On 7 March 2017, a Boeing 737-800, (C-GWSV) being operated by WestJet on a scheduled international passenger flight from Toronto to Sint Maarten as WJA2652 descended below the prescribed vertical profile on approach at destination after visibility had deteriorated and the crew did not initiate a go around until the aircraft had almost reached the sea surface. A subsequent approach after awaiting an improvement in visibility was uneventful.


Commencement of an Investigation by the Canadian TSB was delayed because WestJet originally assessed the event as “non-reportable” notwithstanding the fact that the Company “monitors and addresses operational risk using a Transport Canada-approved Safety Management System. Although data was successfully recovered from the QAR, relevant data on the FDR and CVR was overwritten as a result of the delayed awareness of the event. Data stored on the NVM from the aircraft TAWS was recovered and was important in helping to establish what had occurred.

It was noted that the Captain had been employed by WestJet for almost 10 years and had accumulated 14,000 total flying hours. The First Officer, who was PF for the investigated flight, had been employed by WestJet for 7 years and had accumulated 12,500 flying hours. The time on the aircraft type involved was not recorded for either pilot.

What Happened

It was established that, on the basis of the ATIS report of good weather, the crew had briefed for a visual approach to runway 10 and set up the RNAV(GNSS) approach to the same runway in case of a deterioration in conditions given that rain showers were forecast. When the aircraft was about 25nm away from destination and had just left 10,000 feet, ATC advised that there were “moderate to heavy rain showers at the airport”. The crew did not acknowledge this but, having observed cloud and rain showers around the airport, they decided switch to the RNAV(GNSS) approach which had an MDA of 700 feet and a minimum visibility of 3,600 metres.

When the aircraft was 13 nm out passing 4,900 feet for 2,600 feet, clearance was given for the runway 10 RNAV approach and the controller followed this with a re-advice, which was acknowledged. The crew of an aircraft ahead which had just landed reported that they had experienced “steady winds and reduced visibility during the approach, but had acquired the runway visually when over the MAP". At some point during the approach, the controller illuminated the runway lights using an automatic setting for night operations that puts the runway lights at 3% intensity and the PAPI at 10% intensity - the PAPI had previously been at the normal daylight setting of 30% intensity and the runway lights had been off. The runway 10 approach is over water and there is no approach lighting.

Landing clearance was given with 4½ nm to run and the spot wind advised as 060° at 17 knots. The aircraft was established on a 3° angle of descent as per the procedure. The crew stated that about 0.5 nm before the MAP at waypoint ‘MAPON’ they still did not have the runway in sight but could see the shoreline and as they “expected to see the runway shortly afterwards, they decided to continue their approach visually”. The AP was disconnected and the pitch was reduced from 0.5° nose up to 1.2° nose down and the FD was cycled in preparation for continuing visually to a landing. The A/T, which was in SPEED mode as a result of the FD cycling, reduced thrust to compensate as the rate of descent increased to 1150 fpm and the aircraft began to deviate below the 3° procedure vertical profile.
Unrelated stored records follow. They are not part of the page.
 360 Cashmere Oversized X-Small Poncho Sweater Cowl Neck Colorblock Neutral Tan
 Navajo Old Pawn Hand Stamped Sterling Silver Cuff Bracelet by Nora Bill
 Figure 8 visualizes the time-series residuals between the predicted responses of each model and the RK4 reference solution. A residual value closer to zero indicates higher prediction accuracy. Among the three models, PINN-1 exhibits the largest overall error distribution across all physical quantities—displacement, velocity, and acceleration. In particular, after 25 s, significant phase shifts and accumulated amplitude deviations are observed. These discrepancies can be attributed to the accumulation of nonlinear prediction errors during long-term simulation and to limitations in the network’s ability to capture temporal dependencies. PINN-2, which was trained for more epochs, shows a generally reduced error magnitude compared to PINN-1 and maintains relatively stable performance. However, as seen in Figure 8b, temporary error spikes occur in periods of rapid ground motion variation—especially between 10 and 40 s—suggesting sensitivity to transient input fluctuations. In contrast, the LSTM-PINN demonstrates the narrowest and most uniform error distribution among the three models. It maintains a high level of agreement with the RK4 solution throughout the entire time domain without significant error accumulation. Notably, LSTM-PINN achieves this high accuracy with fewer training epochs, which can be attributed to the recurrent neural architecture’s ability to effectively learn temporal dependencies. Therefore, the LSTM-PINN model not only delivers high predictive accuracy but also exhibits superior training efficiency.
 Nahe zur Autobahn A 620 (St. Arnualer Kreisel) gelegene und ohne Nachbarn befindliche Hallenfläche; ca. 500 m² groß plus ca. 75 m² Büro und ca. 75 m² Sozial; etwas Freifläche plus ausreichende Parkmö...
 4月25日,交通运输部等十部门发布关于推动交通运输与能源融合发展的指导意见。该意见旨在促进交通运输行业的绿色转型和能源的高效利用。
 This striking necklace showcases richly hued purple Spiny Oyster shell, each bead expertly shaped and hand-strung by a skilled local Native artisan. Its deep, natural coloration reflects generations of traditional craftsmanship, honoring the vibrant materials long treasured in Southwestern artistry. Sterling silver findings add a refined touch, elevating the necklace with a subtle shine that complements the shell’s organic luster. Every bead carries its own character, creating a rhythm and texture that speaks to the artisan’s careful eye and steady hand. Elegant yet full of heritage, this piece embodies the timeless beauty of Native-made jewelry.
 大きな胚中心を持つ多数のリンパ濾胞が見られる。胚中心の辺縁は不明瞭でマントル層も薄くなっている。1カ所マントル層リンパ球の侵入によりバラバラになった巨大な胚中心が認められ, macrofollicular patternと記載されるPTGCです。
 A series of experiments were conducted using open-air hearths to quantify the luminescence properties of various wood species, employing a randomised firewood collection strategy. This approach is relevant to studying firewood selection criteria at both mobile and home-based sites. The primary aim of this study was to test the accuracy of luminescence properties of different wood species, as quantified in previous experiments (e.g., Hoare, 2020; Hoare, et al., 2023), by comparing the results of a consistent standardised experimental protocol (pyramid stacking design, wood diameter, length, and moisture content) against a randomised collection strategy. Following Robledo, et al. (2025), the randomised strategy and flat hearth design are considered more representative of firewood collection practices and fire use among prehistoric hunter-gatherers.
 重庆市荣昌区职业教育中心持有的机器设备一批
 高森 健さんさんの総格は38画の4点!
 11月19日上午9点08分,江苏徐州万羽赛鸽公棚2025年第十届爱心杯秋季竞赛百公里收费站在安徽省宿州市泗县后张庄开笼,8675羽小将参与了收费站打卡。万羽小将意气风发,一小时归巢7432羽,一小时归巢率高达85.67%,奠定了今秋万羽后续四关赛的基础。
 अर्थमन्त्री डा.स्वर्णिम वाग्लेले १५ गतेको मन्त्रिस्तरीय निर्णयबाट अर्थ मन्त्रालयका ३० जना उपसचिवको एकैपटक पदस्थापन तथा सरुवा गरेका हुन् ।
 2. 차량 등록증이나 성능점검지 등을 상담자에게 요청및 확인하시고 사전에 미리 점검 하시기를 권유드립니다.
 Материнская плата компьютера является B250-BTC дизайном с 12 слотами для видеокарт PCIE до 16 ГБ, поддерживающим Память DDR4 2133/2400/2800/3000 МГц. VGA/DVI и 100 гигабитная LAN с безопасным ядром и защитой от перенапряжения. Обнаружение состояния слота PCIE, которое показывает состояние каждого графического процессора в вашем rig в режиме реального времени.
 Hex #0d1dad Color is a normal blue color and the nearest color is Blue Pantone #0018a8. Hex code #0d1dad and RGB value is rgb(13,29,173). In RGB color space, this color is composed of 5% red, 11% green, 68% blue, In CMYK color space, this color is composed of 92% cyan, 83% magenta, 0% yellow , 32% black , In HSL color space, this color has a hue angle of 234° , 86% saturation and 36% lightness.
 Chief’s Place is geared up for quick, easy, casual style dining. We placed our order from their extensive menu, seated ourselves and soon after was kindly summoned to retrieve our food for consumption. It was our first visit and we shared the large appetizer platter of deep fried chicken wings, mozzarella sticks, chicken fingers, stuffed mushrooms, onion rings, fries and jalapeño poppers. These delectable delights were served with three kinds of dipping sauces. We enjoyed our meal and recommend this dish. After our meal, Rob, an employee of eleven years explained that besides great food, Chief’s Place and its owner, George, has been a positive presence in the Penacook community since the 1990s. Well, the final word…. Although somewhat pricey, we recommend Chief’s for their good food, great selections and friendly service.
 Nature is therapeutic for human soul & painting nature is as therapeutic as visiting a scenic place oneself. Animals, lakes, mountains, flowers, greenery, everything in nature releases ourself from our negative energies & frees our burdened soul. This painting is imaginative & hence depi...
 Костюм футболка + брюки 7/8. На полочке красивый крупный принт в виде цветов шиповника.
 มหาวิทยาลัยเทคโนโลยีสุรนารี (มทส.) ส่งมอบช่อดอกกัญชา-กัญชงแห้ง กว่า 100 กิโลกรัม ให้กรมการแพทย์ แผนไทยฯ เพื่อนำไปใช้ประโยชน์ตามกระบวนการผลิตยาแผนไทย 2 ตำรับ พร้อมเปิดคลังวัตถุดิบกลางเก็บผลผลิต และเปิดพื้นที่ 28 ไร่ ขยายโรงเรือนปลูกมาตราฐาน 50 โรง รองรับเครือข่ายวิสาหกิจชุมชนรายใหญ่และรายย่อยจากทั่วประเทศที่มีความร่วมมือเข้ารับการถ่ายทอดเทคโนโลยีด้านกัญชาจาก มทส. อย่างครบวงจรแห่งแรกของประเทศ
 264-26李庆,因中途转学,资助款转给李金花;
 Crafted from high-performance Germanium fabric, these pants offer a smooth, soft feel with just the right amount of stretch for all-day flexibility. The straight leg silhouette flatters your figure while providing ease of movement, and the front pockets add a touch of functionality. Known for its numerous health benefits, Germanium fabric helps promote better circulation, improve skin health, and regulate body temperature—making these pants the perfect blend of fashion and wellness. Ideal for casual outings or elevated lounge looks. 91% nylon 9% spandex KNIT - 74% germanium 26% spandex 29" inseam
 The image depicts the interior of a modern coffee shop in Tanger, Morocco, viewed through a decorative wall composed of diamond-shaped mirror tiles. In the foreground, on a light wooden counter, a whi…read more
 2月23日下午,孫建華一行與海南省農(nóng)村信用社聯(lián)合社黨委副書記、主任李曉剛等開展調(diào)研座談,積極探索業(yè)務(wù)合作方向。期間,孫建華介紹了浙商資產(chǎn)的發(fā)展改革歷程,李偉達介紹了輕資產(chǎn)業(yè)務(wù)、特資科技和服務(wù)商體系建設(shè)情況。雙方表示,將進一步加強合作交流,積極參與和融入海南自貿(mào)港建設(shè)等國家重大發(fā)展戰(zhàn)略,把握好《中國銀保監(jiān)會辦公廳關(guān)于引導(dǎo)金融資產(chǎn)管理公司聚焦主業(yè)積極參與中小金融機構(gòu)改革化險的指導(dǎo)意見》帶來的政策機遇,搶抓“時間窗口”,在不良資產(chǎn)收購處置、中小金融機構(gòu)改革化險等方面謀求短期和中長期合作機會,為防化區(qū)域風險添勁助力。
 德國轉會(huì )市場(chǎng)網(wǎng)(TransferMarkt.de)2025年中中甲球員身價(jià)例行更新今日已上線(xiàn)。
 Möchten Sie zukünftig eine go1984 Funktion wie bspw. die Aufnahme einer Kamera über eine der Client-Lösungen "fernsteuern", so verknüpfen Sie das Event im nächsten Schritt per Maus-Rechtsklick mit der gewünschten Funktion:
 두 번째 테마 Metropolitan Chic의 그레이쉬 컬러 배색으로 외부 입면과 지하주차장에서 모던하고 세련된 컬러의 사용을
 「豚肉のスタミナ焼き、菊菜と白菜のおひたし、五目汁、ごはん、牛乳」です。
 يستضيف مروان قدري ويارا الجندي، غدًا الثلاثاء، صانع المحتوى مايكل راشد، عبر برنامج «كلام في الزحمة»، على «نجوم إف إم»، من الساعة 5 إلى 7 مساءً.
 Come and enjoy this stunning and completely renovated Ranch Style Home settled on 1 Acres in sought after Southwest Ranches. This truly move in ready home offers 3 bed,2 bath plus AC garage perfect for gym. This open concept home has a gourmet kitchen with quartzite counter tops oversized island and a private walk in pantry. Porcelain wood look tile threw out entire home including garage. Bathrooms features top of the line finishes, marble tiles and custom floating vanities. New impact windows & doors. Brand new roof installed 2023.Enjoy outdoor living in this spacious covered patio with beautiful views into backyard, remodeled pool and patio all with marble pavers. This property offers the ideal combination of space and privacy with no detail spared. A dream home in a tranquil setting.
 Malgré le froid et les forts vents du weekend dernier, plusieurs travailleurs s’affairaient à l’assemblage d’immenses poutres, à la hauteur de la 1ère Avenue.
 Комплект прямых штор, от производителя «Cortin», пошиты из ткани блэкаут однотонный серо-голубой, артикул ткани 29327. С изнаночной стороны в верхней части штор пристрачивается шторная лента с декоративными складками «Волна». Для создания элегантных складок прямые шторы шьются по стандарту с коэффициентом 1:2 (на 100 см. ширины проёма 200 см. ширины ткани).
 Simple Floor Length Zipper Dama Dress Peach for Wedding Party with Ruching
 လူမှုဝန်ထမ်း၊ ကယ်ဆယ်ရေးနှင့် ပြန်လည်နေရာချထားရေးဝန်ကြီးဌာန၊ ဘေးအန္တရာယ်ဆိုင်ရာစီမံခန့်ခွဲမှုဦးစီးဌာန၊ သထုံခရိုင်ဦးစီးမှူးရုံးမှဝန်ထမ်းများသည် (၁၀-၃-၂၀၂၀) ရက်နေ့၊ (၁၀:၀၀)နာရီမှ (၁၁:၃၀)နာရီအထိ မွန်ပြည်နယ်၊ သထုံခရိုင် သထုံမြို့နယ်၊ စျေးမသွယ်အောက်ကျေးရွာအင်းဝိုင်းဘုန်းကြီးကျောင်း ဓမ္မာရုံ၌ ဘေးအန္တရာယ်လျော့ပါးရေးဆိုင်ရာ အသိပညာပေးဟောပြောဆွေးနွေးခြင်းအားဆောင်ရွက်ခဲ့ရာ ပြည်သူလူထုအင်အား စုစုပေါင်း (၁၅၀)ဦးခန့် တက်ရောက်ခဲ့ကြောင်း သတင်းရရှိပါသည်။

The aircraft crossed the MAP - 2nm from the runway threshold - and the PF “indicated that he had the runway in sight and began to roll the aircraft to the left”, in doing so placing the aircraft approximately 250 feet left of the extended runway centreline. Although neither the runway lights nor the PAPI were visible, no request for their intensity to be increased was made and soon after the turn to the left, the aircraft entered a rain shower which had been moving towards the approach.

In reality, the poor visibility had led to the PF First Officer assessing that a hotel to the left of the runway was the runway and there was no contrary intervention from the Captain. Descent continued without adequate visual reference until, approximately 1 nm from the runway, the aircraft emerged from the shower and the visibility sharply improved. Only then did both pilots realise that they had been tracking towards the hotel and not towards the runway. The aircraft was 190 feet agl and descending at 940 fpm and although the crew now had the runway in sight, they stated that they were “not immediately able to assess their height above water”. The PF increased the thrust a little and turned towards the runway but the rate of descent was still about 860 fpm.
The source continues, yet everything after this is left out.